TASK DETAILS: Begin at the first line of the data and copy each line through the one containing "Premium Oak Frame: Our", that line included, with no pictures.

RECORDED INFORMATION:
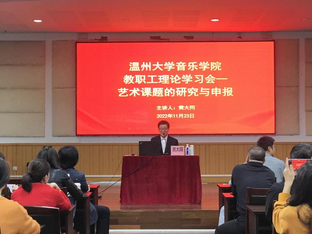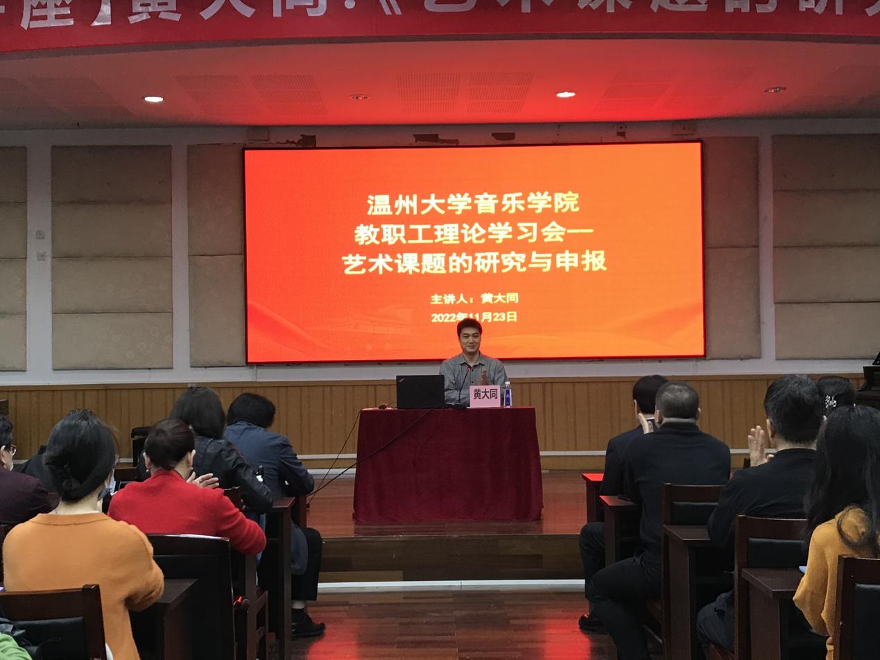 在北校音乐楼201学术报告厅举行了黄大同教授《艺术课题的研究与申报》学术讲座,参与本次讲座的有JJGirls
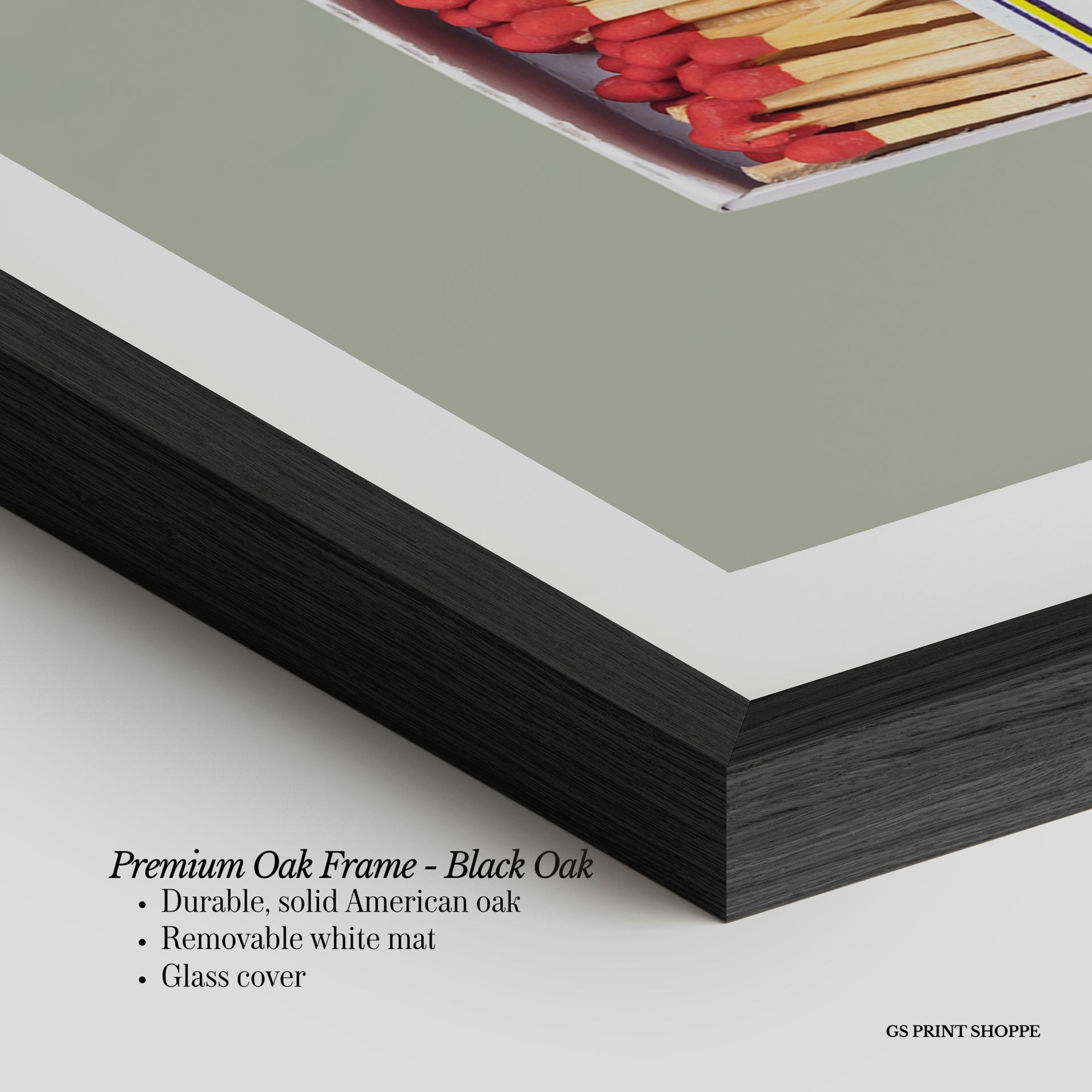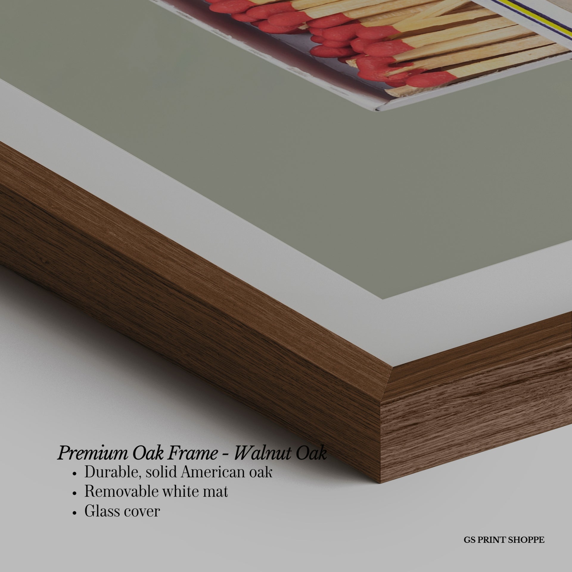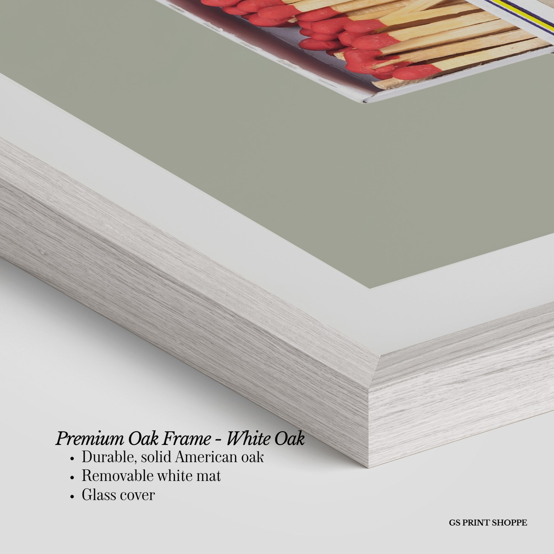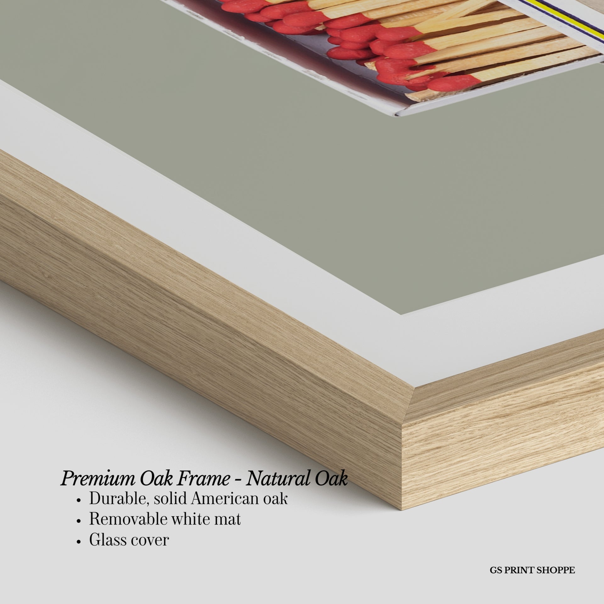 Premium Oak Frame: Our premium oak frame is crafted from solid American oak, offering a warm, natural feel with a high-end finish. We complete this elevated offering with a bright white removable mat and real glass for a versatile and polished look.
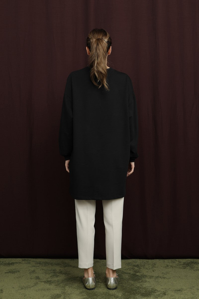 Zarif aplikeler ve detaylı işlemelerle modern bir şıklık sunan bu tunik, özgün tasarımıyla öne çıkar. Konforlu kesimi ve hafif dokusuyla günlük kombinlerde hem şık hem de rahat bir kullanım sağlar.2610727

RESULT BELOW:
 在北校音乐楼201学术报告厅举行了黄大同教授《艺术课题的研究与申报》学术讲座,参与本次讲座的有JJGirls
 Premium Oak Frame: Our premium oak frame is crafted from solid American oak, offering a warm, natural feel with a high-end finish. We complete this elevated offering with a bright white removable mat and real glass for a versatile and polished look.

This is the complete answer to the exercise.